After a quick interior reorganization and crash redecoration, it turned out the basement location was not Tambien's biggest problem. The biggest problem was that the food sucked. Bad. I ate dinner at Tambien a few weeks after it opened in August and was horrified by burnt carne asada, lukewarm beer and green chile that tasted like chunky water. Second time around, the chile was a salt lick in salt sauce with a little salt for garnish, and the carnitas plate appeared to have been made on opening night, wrapped in plastic, left in the freezer and then rewarmed for service a few hours before I showed up. But at least the beers were cold.

Even restaurateurs as experienced as Morreale and Yontz need time to break in a new menu, a new crew, and I decided to give Tambien some, falling back for a while on Mezcal and the more traditional taquerías of Federal Boulevard. In the meantime, Yontz lost the distraction of Chama — his own restaurant in Belmar that closed over landlord/tenant issues — and had more time to focus on Tambien, working in the kitchen with longtime head cook Roberto Diaz.

I finally returned one night last month and had desebrado sopes — my favorite thing on Mezcal's menu — and they were just as good as the ones at Mezcal. I chased them with the tamal al puerco, spiked variously with guajillo and chipotle, doodled with Mexican crema. Once part of my regular Chama order, the tamal here was strangely fluffy, with the texture of white birthday cake and the flavor of amateur cornbread. But the sauces were good, the pork good, the plate well put together, and I felt as though the kitchen was finally homing in on a bull's-eye that it would eventually hit.

I came back on an unseasonably warm Tuesday afternoon a few weeks ago for cold beer and tacos al pastor topped with pineapple salsa — not exactly what I ate in that Juárez bar, but fine. The green chile was even better, and I ended up scraping the bowl with my spoon — pleased to see that the kitchen had remembered to add the chile this time, had started browning the nuggets of pork rather than just letting them poach down to the consistency of well-chewed gum, had left the salt shaker on the counter.

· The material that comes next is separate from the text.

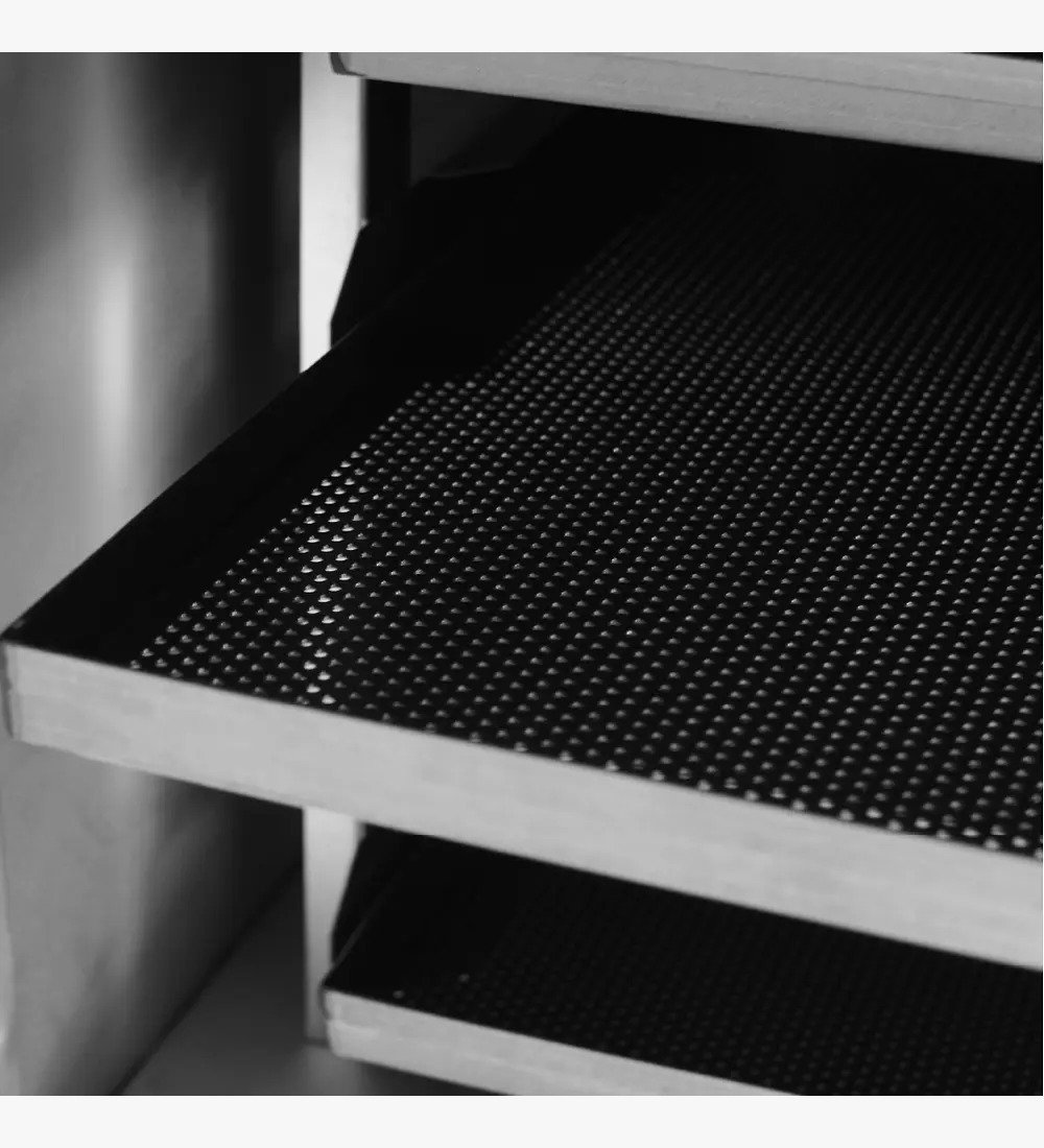 - Soporte para bandejas de 580 x 680 mm en acero inoxidable reforzado.

And now, finally, the Christmas miracle. Surrounded by twinkle lights and the sweet honking of mariachi carols, I have camarones al chipotle that are like eating garlic firecrackers — a preparation perfectly balanced between eat-with-your-fingers rusticity and the chefly exactitude of haute cuisine that has been Yontz's hallmark since he gave the finger to the whole fine-dining scene a few years back. The mole rojo chicken legs dotted with white sesame seeds are delicious, the mole brick-red, hot, smooth as cocoa and chile wrapped in liquid velvet. The pozole is like water in the desert — so good I want to swim in it, float away on a life preserver of perfectly soaked hominy. Even the tamal hits the mark — it's been deflated, solidified, brought back in line with tradition while still maintaining its modernist sauces, its Nagel squiggle of squeeze-bottle style.

True, Tambien is still in a basement. But it's now also a good restaurant, a Mezcal/Chama crossbreed that rises to the bar set by both — to street level, at least, and sometimes higher. And when I finish my dinner, I do the same, tromping up the steps with a belly full of food and a head full of sur de la frontera Christmas spirit. I'm remembering that night in Juárez, the happiness, the crowd, the piñatas waving overhead. And as I reach the top, it begins to snow.